For purposes of the income taxation of trusts and estates, a trust in which the grantor or a third party, because of certain rights to income or principal or certain power over the disposition of income and principal, is treated as the owner of the trust and taxed on the income thereof. Consequently, a grantor trust is not treated as a separate entity for income tax purposes unless the trust is irrevocable.

Living/Grantor Trusts may be: revocable (can be revoked, amended or changed in the sole discretion of the person creating the trust) or irrevocable (cannot be revoked, amended or changed, except under restricted circumstances).


Nominee Real Estate Trust

A common estate and gift planning vehicle that provides ease of transferability of ownership that is particularly helpful when gifting valuable property over an extended period of time. Rather than re-record the deed each time a partial interest is transferred from one owner to another, it can be done through an attached Schedule of Beneficial Interests. Also provides anonymity of ownership, thus alleviating some privacy concerns.


Special Needs Trusts

Usually established to provide for the specific needs of a disabled loved one – often for the purpose of preserving government benefits.


Structured Settlement Trusts

A type of trust that is usually funded with a lump sum received as the result of a successful legal liability action or other form of structured settlement.

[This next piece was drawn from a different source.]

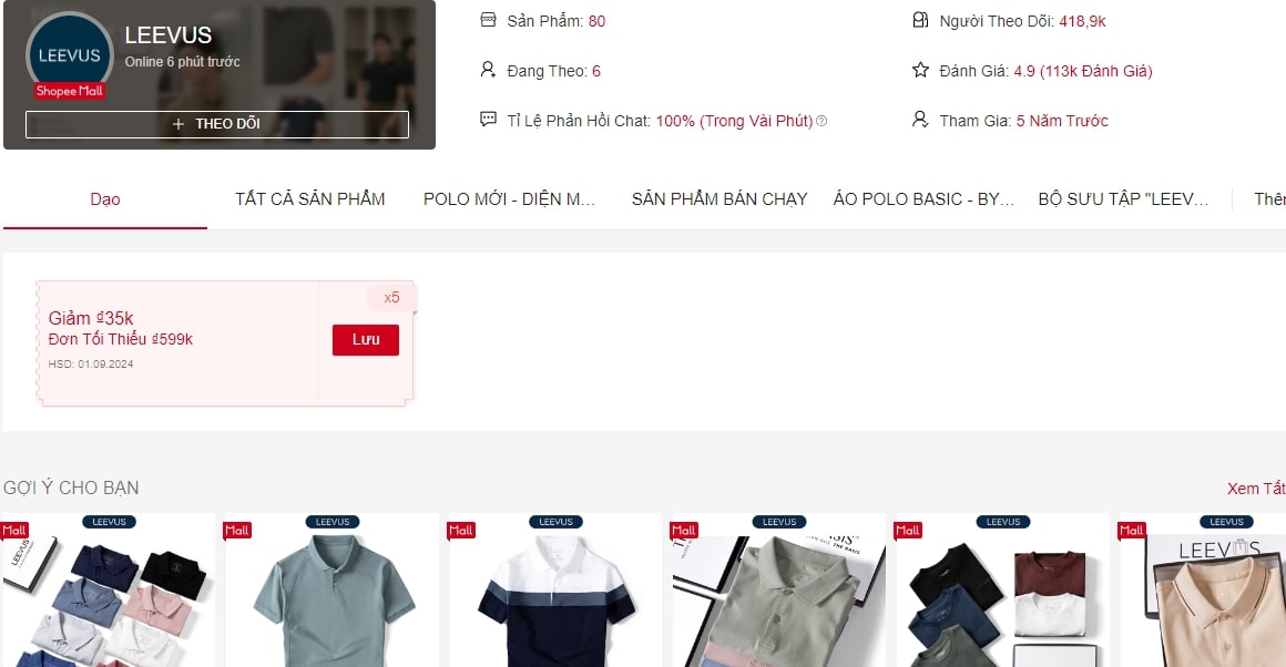 Shop áo thun nam LEEVUS đã thu hút và giữ chân được nhiều khách hàng nhờ chất lượng sản phẩm tốt cũng như giá thành hợp lý. 418,8k người theo dõi trên 113k đánh giá trên gian hàng chính hãng Shopee là minh chứng cho sự tin tưởng và ủng hộ của đông đảo người dùng.

The terms of the settlement agreements vary, but typically include clauses that restrict the use of funds and/or pay them out over a specific period of time.


Testamentary Trusts

A trust created by a will, effective only upon the death of the person creating the will. Testamentary trusts are subject to the jurisdiction of local probate and family courts, making the terms, inventory and accountings of such trusts open to public inspection.